Hattie Longstreet was born on July 17, 1891 in Germantown, Pennsylvania. She studied at the Pennsylvania Academy of Fine Arts and Académie Colarossi in Paris.

She illustrated The Yellow Quill Girl by Lotta Rowe Anthony in 1921 and several Ruth Campbell novels in 1923. She illustrated Ruth Brown McArthur's The Gingerbread House.

Other works by Longstreet include illustrations for Christine Whiting Parmenter's The Real Reward (1927). She also illustrated Eight Cousins and Rose in Bloom by Louisa May Alcott.
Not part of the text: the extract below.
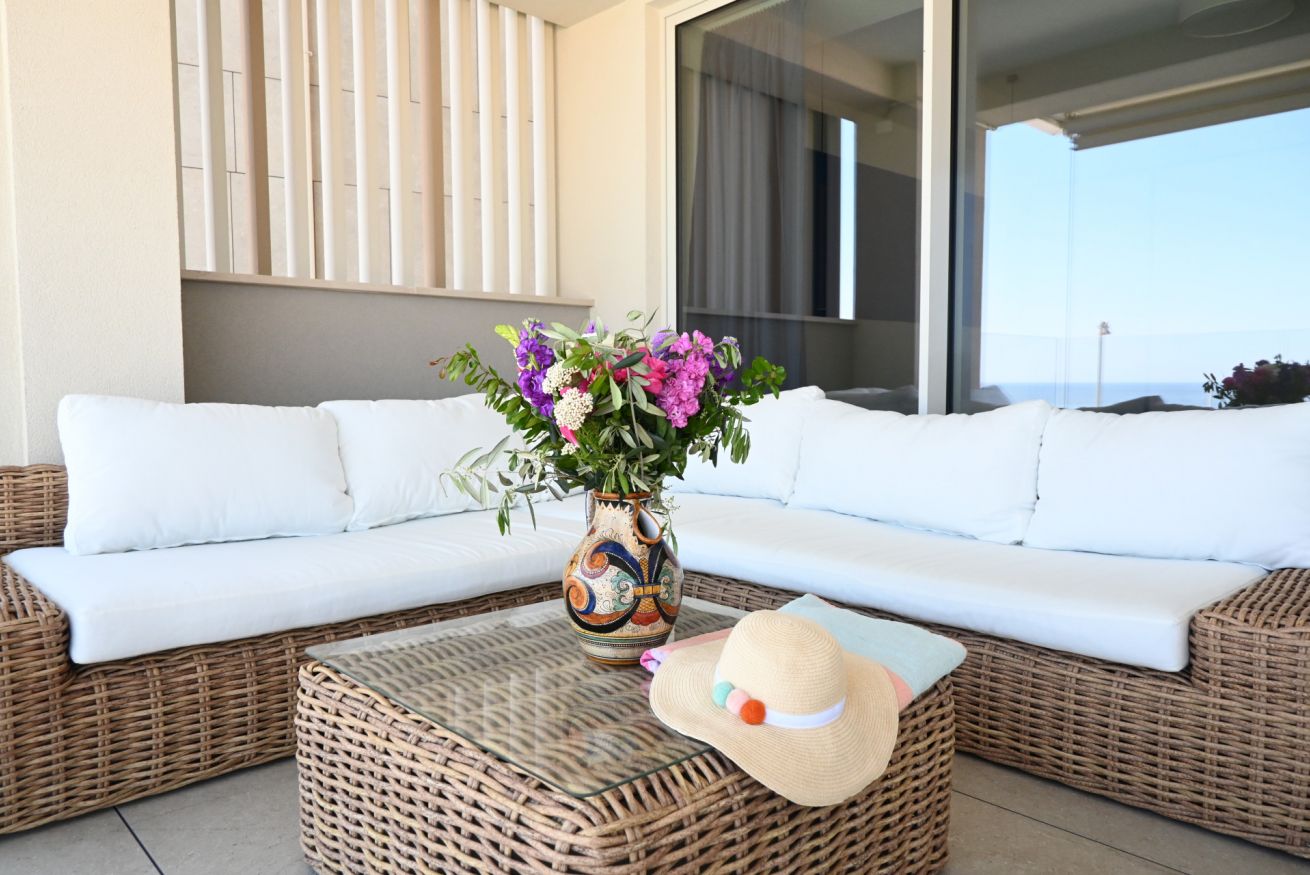 Ingresso su soggiorno con divano letto matrimoniale e tavolo da pranzo - cucina super accessoriata con lavastoviglie - camera con letto matrimoniale - seconda camera con letto a castello - bagno completo con box doccia - terrazzo attrezzato con tavolo e sedie dotato di incantevole vista mare.

Her illustrations for Alcott's Little Women have been described as "stress[ing] the gentility of the March family. ... subordinating representation to decorative effect, endowing all her female characters with delicate profiles, stylized hands, and dainty slippered feet".

She also illustrated The Story of Silk (1925) by Sara Ware Bassett and The Fairyland of Opera by Louise M. Pleasanton.

She illustrated several books by Alice Turner Curtis, including A Frontier Girl of Pennsylvania, A Yankee Girl at Lookout Mountain, A Little Maid of New Hampshire (1928), A Little Maid of South Carolina (1929), and A Little Maid of New Orleans (1930).

She died in Chicago on July 11, 1968.